Наступает долгая пауза, и Хан с трудом сдерживает желание сказать Чуи: «Я просто пошутил, дружище, давай садись на корабль, и полетим навстречу новым передрягам». А потом они вместе отправятся к Маластеру, или станции «Уоррин», или опять в ту пыльную кантину в Мос-Эйсли, чтобы подобрать еще какого-нибудь своенравного мальчишку-фермера… а когда он вернется домой и родится его ребенок, его сын, Чуи все так же будет рядом, потому что по-другому Чуи просто не может.

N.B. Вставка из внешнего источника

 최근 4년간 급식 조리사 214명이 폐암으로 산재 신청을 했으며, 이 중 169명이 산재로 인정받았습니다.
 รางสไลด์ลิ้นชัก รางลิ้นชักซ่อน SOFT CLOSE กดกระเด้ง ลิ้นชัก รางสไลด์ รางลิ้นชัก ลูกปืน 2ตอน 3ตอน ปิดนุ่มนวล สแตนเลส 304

Но ничего этого Хан не говорит.
Чуи обнимает его и мурлычет.
— Я вернусь. Мы с тобой еще не закончили, и мы обязательно увидимся вновь. Я скоро стану отцом и ни за что не позволю, чтобы ты не поучаствовал в жизни моего ребенка.
Чуи рявкает и скулит, гладя Хана по голове.

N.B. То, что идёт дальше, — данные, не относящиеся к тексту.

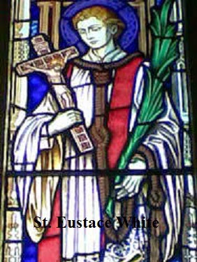 성 에우스타시우스 화이트(Eustasius White, 또는 에우스타시오 화이트)는 1559년 영국 잉글랜드 링컨셔(Lincolnshire)의 라우스(Louth)에서 태어났다. 그는 가톨릭으로 개종하면서 아버지와는 의절하게 되었다. 그는 사제직을 준비하기 위해 프랑스의 랭스(Reims)로 건너갔다가 로마의 가톨릭 신학교인 영국 대학에서 수학하고 1588년 사제품을 받았다. 그는 그해 말 선교사로서 잉글랜드로 돌아왔는데, 당시 영국 내에는 반가톨릭 정서가 상당히 심각한 때였다. 그는 주로 잉글랜드 서부에서 활동했는데, 1591년 9월 1일 종교에 대해 함께 대화를 나눈 한 변호사의 배신으로 도싯(Dorset)의 블랜드퍼드(Blandford)에서 체포되었다. 그 후 그는 런던으로 이송되어 심문과 고문을 받고 가톨릭 사제로서 국법을 어기고 영국에 입국한 혐의로 사형을 선고받았다. 그는 1591년 12월 10일 런던의 타이번(Tyburn)으로 끌려가 교수형과 극형을 받고 순교하였다. 그날 그 자리에서 성 폴리도로 플라스딘(Polydorus Plasden) 신부와 다른 세 명의 평신도들도 함께 순교하였다. 성 에우스타시오 화이트 신부는 1929년 12월 15일 교황 비오 11세(Pius XI)에 의해 시복되었고, 1970년 10월 25일 교황 성 바오로 6세(Paulus VI)에 의해 ‘잉글랜드와 웨일스의 40위 순교자’(The Forty Martyrs of England and Wales) 중 한 명으로 성인품에 올랐다. 그의 축일은 개인적으로는 순교한 날인 12월 10일에 기념하고, 시성 후에는 40위 순교자의 일원으로서 시성일인 10월 25일에 기념해 왔었다. 2000년에 잉글랜드와 웨일스 교회의 새 전례력이 교황청에서 승인된 이후 40위 순교자들의 축일은 5월 4일로 옮겨져 종교개혁 시대에 순교한 모든 복자 · 성인들과 함께 ‘영국의 순교자’(The English Martyrs)라는 이름으로 전례 안에서 기념하고 있다. 이날은 종교개혁 시대 영국에서 순교한 영국 성공회의 순교자와 성인들의 기념일과 같은 날이다. 2001년 개정 발행되어 2004년 일부 수정 및 추가한 “로마 순교록”은 12월 10일 목록에서 가톨릭 사제로서 영국에 입국해 활동했다는 이유로 성 폴리도로 플라스딘과 성 에우스타시오 화이트 신부가 몇몇 신자와 함께 런던의 타이번으로 끌려가 순교했다고 기록하였다.♣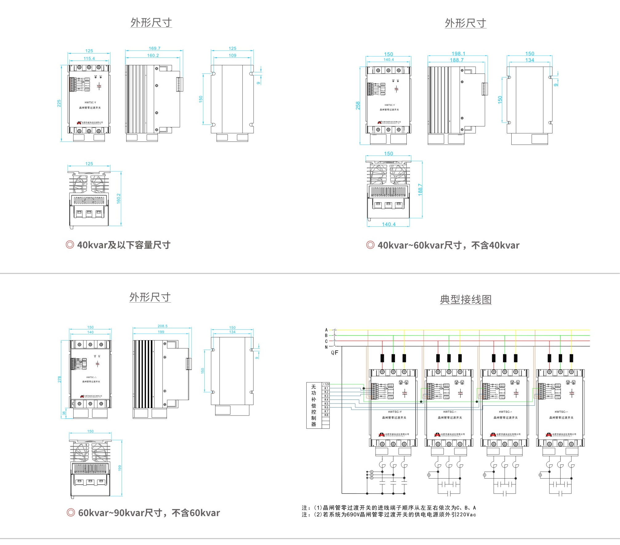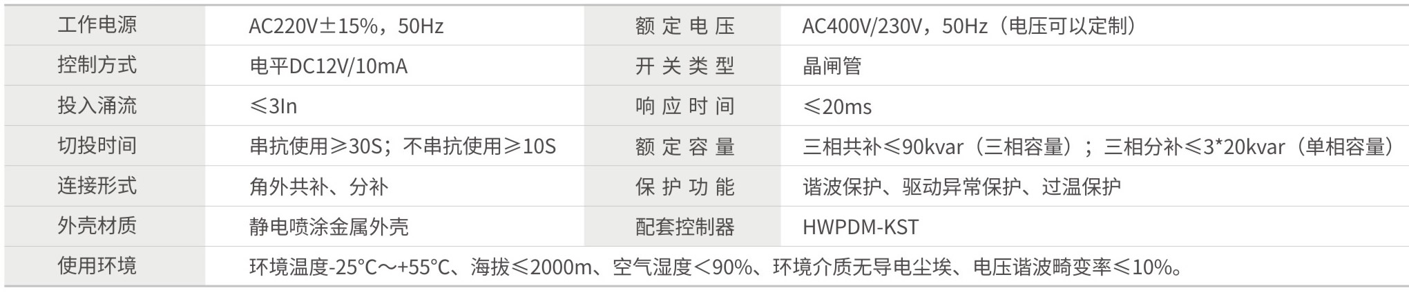 HWTSC系列晶闸管零过渡开关是-种实现低压电力电容器快速投切的电力电子型半导体开关,主要由大功率晶闸管模块、光电隔离电路、磁隔离触发电路、保护电路、散热装置等组成。它能接收控制器电平信号,动态响应投切电力电容器,无机械触点,过零可靠,寿命长。适用于400V-690V系统负荷快速变化和谐波畸变率较高,不适用复合开关的用电场合动态补偿使用。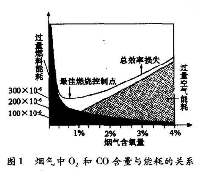 由圖1可見,“過量空氣能耗”表示富余的空氣形成的熱損失,表征為煙氣中的氧含量?!斑^量燃料能耗”表示由未完全燃燒的燃料所引起的能耗,表征為煙氣中CO含量。若要降低能耗,須降低煙氣中的O2含量和CO含量,但兩者是相互制約的。最佳的燃燒控制點的熱損失最小、熱效率最高,其氣體O2含量約為1%。
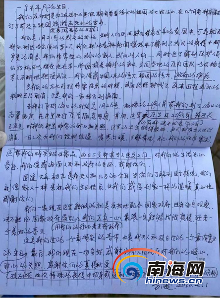方先生為美蘭區(qū)工作人員寫(xiě)的感謝信。通訊員供圖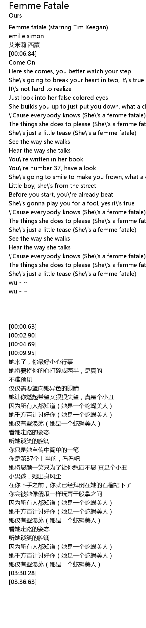 | [03:09.03] | ' Cause everybody knows She' s a femme fatale |

— Угу, дружище, знаю, — вздыхает он. — Я тоже тебя люблю.
Глава сороковая
Вокруг ничего нет.
По крайней мере, ничего такого, что Слоун могла бы опознать.
Ее окружает всепоглощающая чернота космоса — ни планет, ни орбитальных станций, ни других кораблей. Ничего.

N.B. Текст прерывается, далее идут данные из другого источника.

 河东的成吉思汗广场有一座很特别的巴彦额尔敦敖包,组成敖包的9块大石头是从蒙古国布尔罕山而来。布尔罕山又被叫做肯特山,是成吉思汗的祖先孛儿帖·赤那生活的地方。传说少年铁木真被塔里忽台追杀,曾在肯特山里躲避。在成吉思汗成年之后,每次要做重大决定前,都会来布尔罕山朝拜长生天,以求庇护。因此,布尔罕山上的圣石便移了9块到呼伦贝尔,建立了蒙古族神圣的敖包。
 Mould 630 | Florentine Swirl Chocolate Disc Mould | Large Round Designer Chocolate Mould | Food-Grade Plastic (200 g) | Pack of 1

Единственное, что есть, — маленький грузовой корабль. Рей выключает двигатели, и он парит в пустоте. Гранд-адмирал понимает, что корабль этот вполне может стать ее могилой.
При каждом вздохе ей кажется, будто она втягивает в себя битое стекло. По крайней мере, кровотечение остановилось. Она пытается пошевелиться, и ее присохшие от запекшейся крови брюки с треском отрываются от кресла.
«Выжить. Сражаться. Добраться до Ракса».
Она подумывает выйти на связь и уже составляет у себя в голове грозное сообщение для Ракса, извещающее, что ему не уйти от ее кары, хотя на самом деле она умирает в космической бездне. Ему придется постоянно оглядываться через плечо, опасаясь, что она может подкрадываться к нему с наточенным клинком. Вполне достойное извечное проклятие, посланное из могилы.
Палец Слоун зависает над кнопкой.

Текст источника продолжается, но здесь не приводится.